Thus we find ourselves back in what is for most intellectuals today an unfamiliar cluster of questions, but one which within the broader range of our country’s history has been most characteristic of American thought: namely, the role of America in the world, the idea that in some sense America represents something new, both promising and ominous, about the future of humankind. That certainly was the basic belief of the constitutional founders and, even more important, of the religious and spiritual and poetic visionaries at the beginning of the American experiment.

This attitude toward America as being experimental, as being provocative, as being a test of human possibility, has almost totally been lost. It has been driven out of public discourse in recent American history, so that now it almost sounds quaint, like a nostalgic throwback to a time long ago, back to a period of innocence before Vietnam and the Second World War and Auschwitz. It seems difficult now to envision a world in which the American proposition would once again be something of promise in a world-historical context; yet I think that that is the kind of world which we may now be entering. A time is coming in which we will have to make some decisions, not simply at a pragmatic or economic level, but much more solemn and daring decisions about what we think history is about.
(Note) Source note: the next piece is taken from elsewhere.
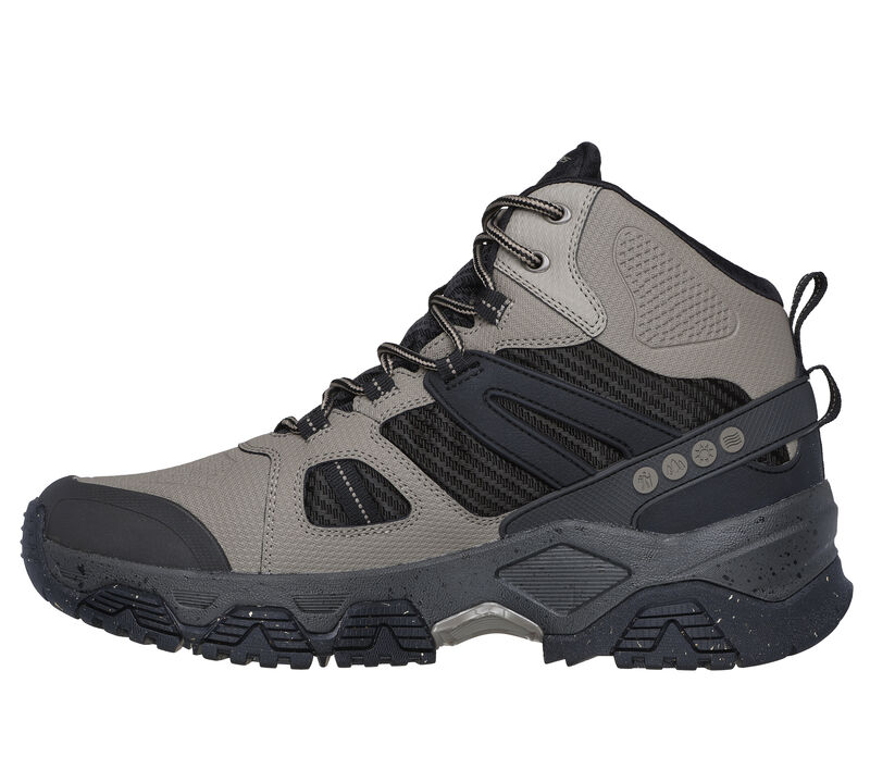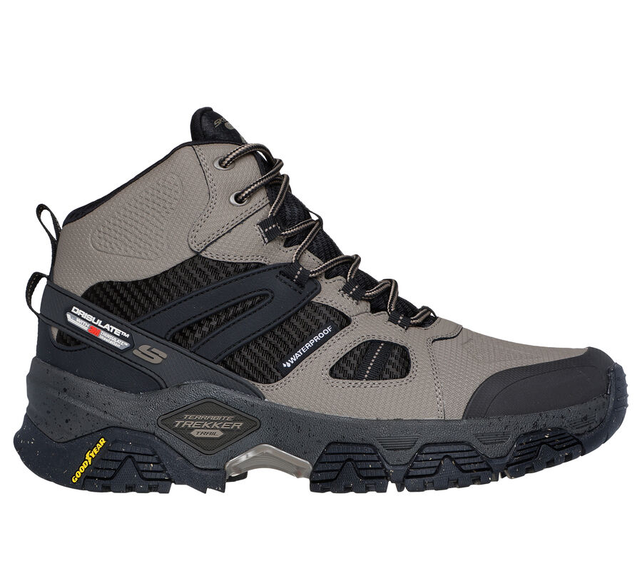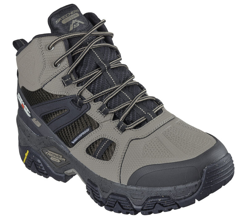 Take on any terrain in supreme outdoor comfort wearing Skechers shoe. This waterproof mid-top trail design features a durable mesh, synthetic, and leather upper with a lace-up front, an anti-slip Goodyear® rubber outsole, insulated sock lining, and a Skechers Air-Cooled Memory Foam® cushioned comfort insole. These are Men’s Shoes made by Skechers.

Politics, I would argue, is always a function of culture, and at the heart of culture is religion. Our culture consists of those symbols, those ideas, those stories which inform the way we try to shape our lives together. It is those values we hold up, those sometimes intuitive, sometimes articulate notions of what is honorable and what is base. It is our notions of excellence. And at the heart of all such cultural assumptions, are ultimately beliefs about what is true. Whether we call them religious or not, whether they have a denominational brand name pegged to them, they are religious in character—in that they engage our intuitions about the absolute, about that which transcends all possible discussions of simple utility or pragmatism. When we ask what it is that really this world of ours is all about, and whether indeed there is finally any kind of meaning, we are dealing with religion.

Today, the role of religion in public has changed very dramatically, because of the recent outburst of what is called the religious New Right, the Moral Majority, Christian action groups of all sorts. And in many people’s minds—especially people who have been brought up to believe that the separation of church and state means the separation of public business from religiously-based values—this movement is viewed as a kind of invasion of the barbarians, of the people who were once presumably locked into their cages way back in the 1920s during the famous “Monkey Trial,” with H. L. Mencken’s acid caricaturing of these fundamentalist Neanderthals.
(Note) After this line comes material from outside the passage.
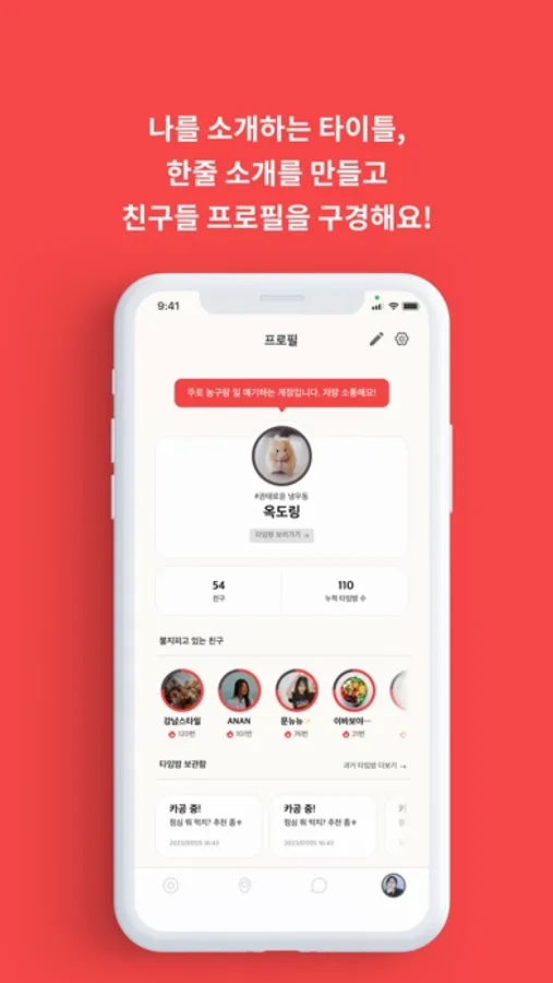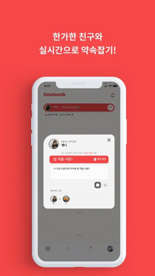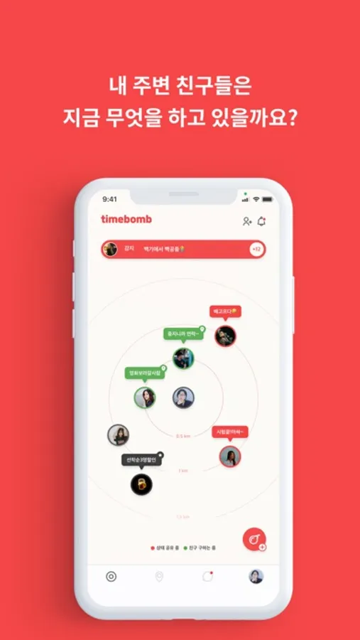 도보 30분 이내에 있는 친구들과의 거리를 실시간으로 확인하고 원하는 시간에 사라지는 타임밤으로 서로의 상태를 재미있게 공유하며 새롭게 소통해요!

So now the question many people in “respectable” circles are asking is, how do we get these animals back in their cages, these people who are disrupting the way in which we have decided to conduct our business in public? Well, my premise is that they are not animals, they are citizens of this Republic; and for those of us who are Christians, they are recognized as sisters and brothers in Christ. They are new and vital participants in the always raucous process of democratic government. In fact, it may even be that Jerry Falwell and the Moral Majority have kicked a sort of tripwire—rather clumsily, perhaps inadvertently, sometimes perhaps even with an element of malice—a tripwire alerting us to a much more massive change. That massive change is, if I may put this rather ambitious proposition to you, the collapse of the 200-year hegemony of the secular Enlightenment.

The Naked Public Square

The cultural and, therefore, political elites of our society have for the last 200 years assumed that the dogmas of a secular Enlightenment ought to prevail as the formative influence in how we shape our public discourse. Those dogmas were distinctly hostile to particularist religious belief. It was assumed, coming out of the more militant secularism of the late eighteenth century in France, that enlightenment (which is to say, education) is incompatible with religious belief, and hence that as people become more enlightened they will become less religious. Religion will wither away, or will at least be confined to the private sphere of life. This is the basic model which not only militant secularists, but also a good many religionists, have bought into. Our century is plagued by this notion that somehow what one does religiously is a private negotiation between oneself and God, hermetically sealed off from public discourse about questions of right and wrong in the agora, in the public square.

Thus we have ended up, as a consequence of the secular Enlightenment, with the idea of the naked public square—that is, the public space, in terms of the governmental process, legislative, executive, judicial, but also in terms of a mere physical and psychological way up to today’s debate about Roe vs. Wade and abortion, about prayer in public schools, about tax exemption and what is meant by religion for purposes of the IRS.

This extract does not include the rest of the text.